*** Data extract ***
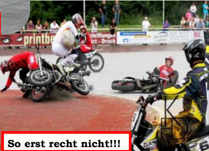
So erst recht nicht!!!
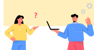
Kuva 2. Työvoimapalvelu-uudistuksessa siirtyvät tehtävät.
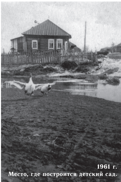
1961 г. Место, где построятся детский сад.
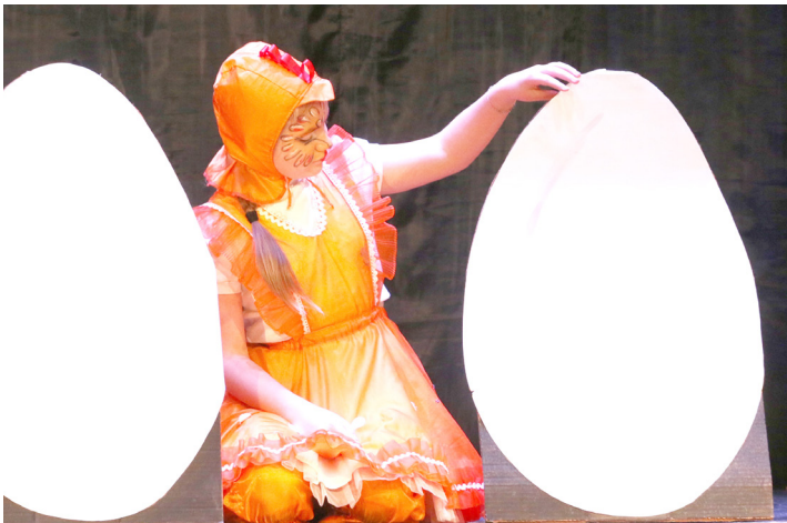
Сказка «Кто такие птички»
*** End of Data extract ***
_Requirement_. Your task is to repeat the material above exactly, without its pictures.

_Output_.
So erst recht nicht!!!
Kuva 2. Työvoimapalvelu-uudistuksessa siirtyvät tehtävät.
1961 г. Место, где построятся детский сад.
Сказка «Кто такие птички»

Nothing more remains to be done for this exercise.